22 May 2018 | Ashia C. Wilson, Rebecca Roelofs, Mitchell Stern, Nathan Srebro, and Benjamin Recht
This paper investigates the generalization properties of adaptive gradient methods in machine learning. The authors show that adaptive methods like AdaGrad, RMSProp, and Adam often find solutions that generalize worse than non-adaptive methods like SGD or SGD with momentum. In a simple binary classification problem with linearly separable data, SGD achieves zero test error, while adaptive methods achieve test errors arbitrarily close to 0.5. The authors also study the generalization performance of adaptive methods on several deep learning models and find that they often generalize worse than SGD, even when they have better training performance. These results suggest that practitioners should reconsider the use of adaptive methods for training neural networks.
The paper also shows that adaptive methods can overfit by giving undue influence to spurious features that have no effect on out-of-sample generalization. The authors provide a simple generative model where adaptive methods find a solution that incorrectly classifies new data with probability arbitrarily close to half, while SGD finds a solution with zero error on new data. This suggests that adaptive methods may not always find the best generalizing solutions.
The paper also presents numerical experiments demonstrating that adaptive methods generalize worse than their non-adaptive counterparts. The experiments reveal that SGD and SGD with momentum outperform adaptive methods on the development/test set across all evaluated models and tasks. Adaptive methods often display faster initial progress on the training set, but their performance quickly plateaus on the development/test set. The authors also propose a simple scheme for tuning learning rates and decays that performs well on all deep learning tasks studied.
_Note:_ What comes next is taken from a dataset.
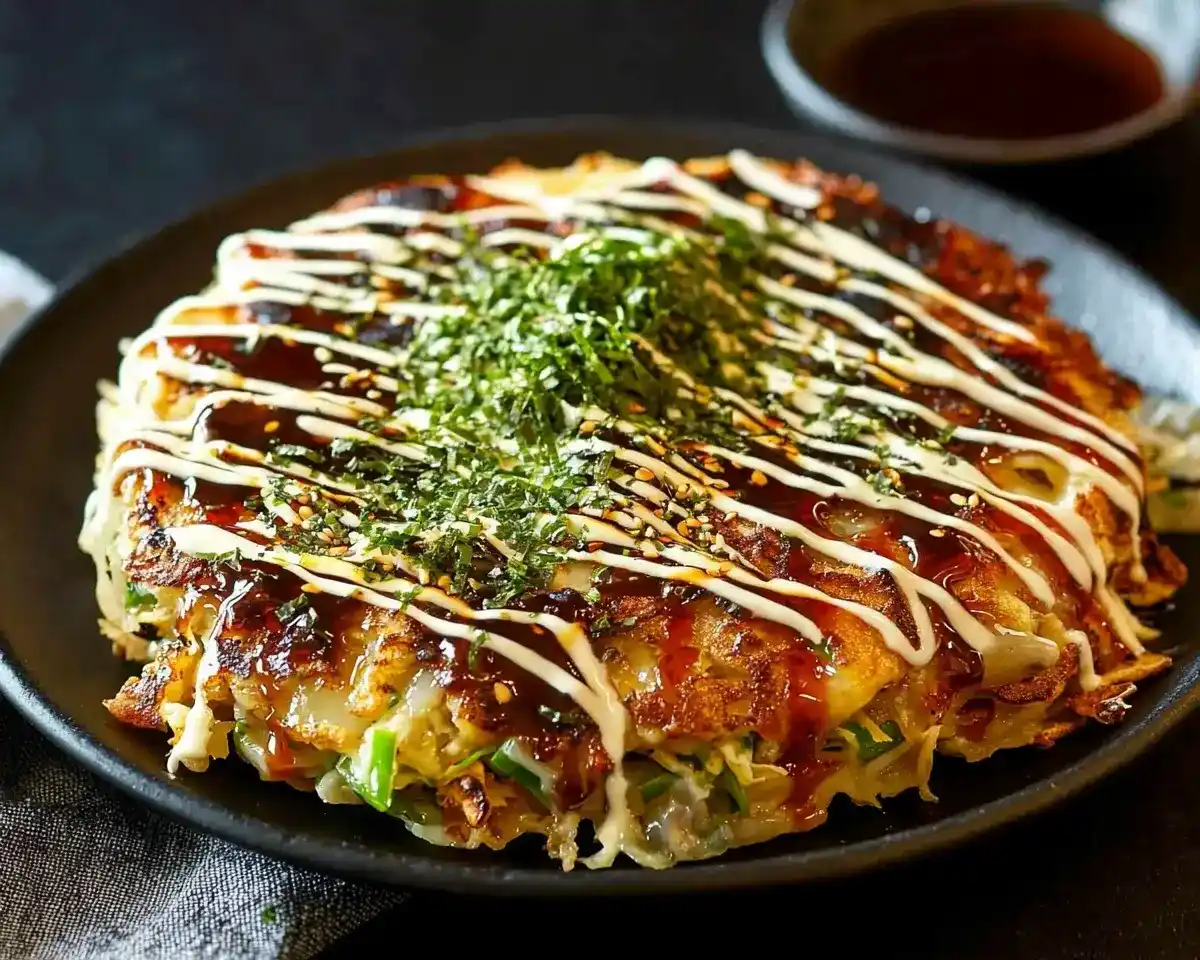 Okonomiyaki recipe with crispy bacon, fresh cabbage, and authentic Japanese flavors. Learn how to make okonomiyaki at home easily. (150 chars)

The paper concludes that despite the popularity of adaptive methods, they may not always be the best choice for training neural networks. The authors suggest that practitioners should reconsider the use of adaptive methods and instead use non-adaptive methods like SGD or SGD with momentum for better generalization.This paper investigates the generalization properties of adaptive gradient methods in machine learning. The authors show that adaptive methods like AdaGrad, RMSProp, and Adam often find solutions that generalize worse than non-adaptive methods like SGD or SGD with momentum. In a simple binary classification problem with linearly separable data, SGD achieves zero test error, while adaptive methods achieve test errors arbitrarily close to 0.5. The authors also study the generalization performance of adaptive methods on several deep learning models and find that they often generalize worse than SGD, even when they have better training performance. These results suggest that practitioners should reconsider the use of adaptive methods for training neural networks.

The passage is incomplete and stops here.